The herdsman nodded with grim satisfaction. He's been predicting we would for weeks, and he does so enjoy being right.

'There we are,' he said. 'We'll have to move the dry cows again; they're too close to the parlour. Why did you put them there?'

'It was pissing down yesterday,' I said. I am a good farmer, but I still don't trek cows out to the far edges of the farm when it's raining sideways unless I absolutely have to.

'There we are.'

As I am leaving in a week, I feel it is probably time to clean the caravan- that's trailer to you Americans- that I've been living in for the past four months. I can't remember what color the carpet is. Protective clothing may be in order.

The weather's improved from the weekend, and although we all agree that this 'sunshine' thing is some sort of primitive myth, we have tentatively left off working on the Ark. Getting all hundred and eighty cows on that thing was going to be a bugger anyway.
08:47 AM - kat - No comments

Sunday, May 19

I suppose an introduction is in order.

So: my name is Kat Feete. I grew up in southwestern Virginia on my family's dairy farm, Meadow Creek Dairy. There wasn't a hell of a lot to do there- aside from work- and so I developed various other ways of passing the time, mostly reading science fiction and fantasy, writing science fiction and fantasy, mucking about on the Internet, and thinking of ways to avoid work.

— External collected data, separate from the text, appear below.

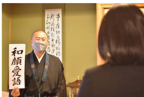
ご住職の法話でしっとりと

自然散策や観光はもちろん、ご住職の法話を拝聴したり、滝行に挑戦したり、御朱印集めをしながら伝統工芸にふれたり。施設の外に出て、アクティブに過ごす旅をご提案。旅先ならではの体験を通じて、知的好奇心も刺激します。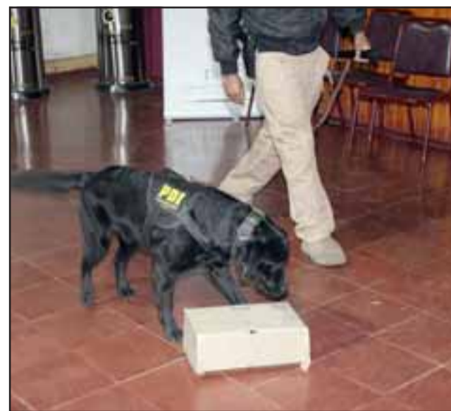
UNIDAD CANINA DE LOS ANDES.- Demostración de detección de drogas, por un particular funcionario de la PDI.

Ahora nosotros en este primer semestre nos hemos abocado netamente en el ámbito educacional y posteriormente vamos a dirigir nuestro trabajo en el ámbito comunitario. En lo que se refiere a la educación, estamos trabajando en dos establecimientos focalizados, donde se hace entrega de una serie de herramientas y se evalúa un plan de acción y un protocolo de actuación frente a situaciones de consumo, además vamos a comenzar a trabajar en el liceo de la comuna, un plan denominado monitores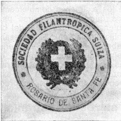
Primer sello de la Sociedad Filantrópica Suiza de Rosario

No es fácil historiar en breves palabras el desarrollo y la centenaria vida de esta Sociedad Filantrópica Suiza. Para ello hay que retroceder en el tiempo y ubicarse en una época que nos cuesta recordar.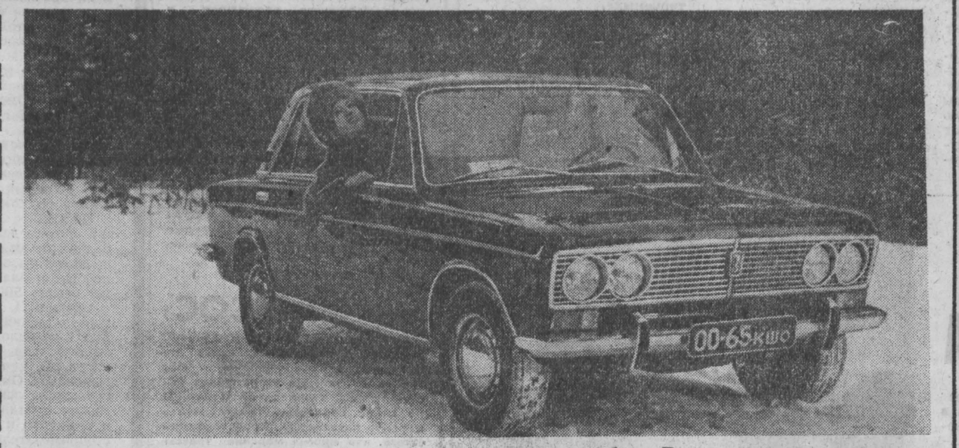
На Волжском автомобильном заводе освоены выпуск новой модели малолитражного автомобиля «Жигули» («Лада») — ВАЗ-2103.

Письма дороги каждому. Тряхнув дорожки от пыли. Потому что почти любой человек, когда ему станет невмочь разлуки, может в конце концов попросить отпустить, взять билет на самый быстрый транспорт.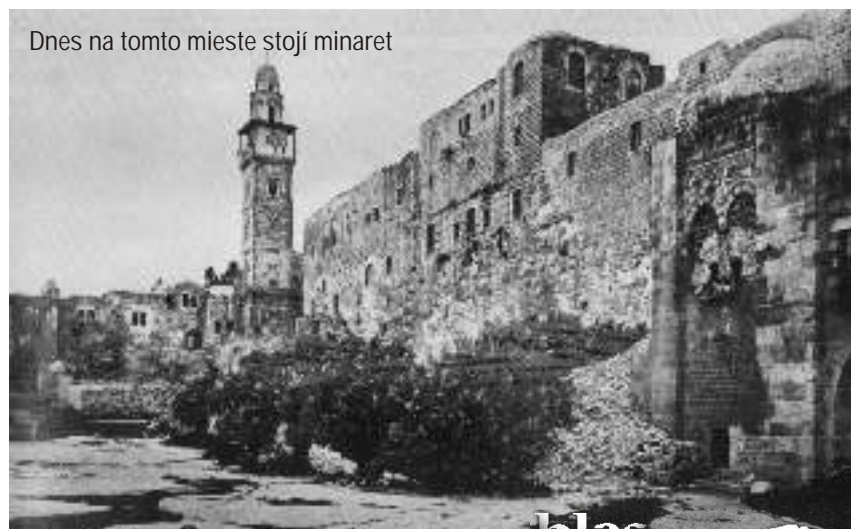
Dnes na tomto mieste stojí minaret

istými slovami vás vítam pri našom putovaní touto obdivuhodnou krajinou Božieho Syna. V najbližších íslach Hlasu viery si popíšeme miesta, ktoré boli priamo dejiskom posledných dní, ba až hodín v živote nášho Spasite a. Jedným takýmto miestom je pevnos Antónia v Jeruzaleme. Postavi ho dal Herodes Ve ký, ktorý dal zreštaurova celý chrám, obohnal ho múrom a dal postavi aj pevnos Antonia, ktorá mala slúži

When I was seventeen I went off to college in Asheville, which was quite the experience, as I had been homeschooled from sixth grade on and had not been exposed to the whole peer group thing. It had its moments, but on the whole it hasn't really taken. I spent two and a half years there, then did a year of school in Palmerston North, New Zealand, then took a bit of time off from school to work on a farm in Wales. I had discovered, somewhat to my surprise, that I rather liked work after all. Also, solvency is fun.

Somewhere in there I wrote a science fiction novel. It is under revision and with luck will go to publishers once I am back in the same country as the publishers. On the whole it's not bad.

I am just about finished in Wales now, about to start on a month's worth of vacation time, and it occurred to me that I am having a very weird and wonderful life and there is a real shortage of people to talk to about it. So, somewhat belatedly, I decided to keep a journal.

I am tall, thin, and blonde, a set of words that gives rather the wrong impression. Stop thinking Hollywood actor and start thinking glorified fencepost with hair.

I tend to smile a lot for no particular reason.

I like most things, except sheep. I hate sheep.

And now you know everything important about me. Shall we move on?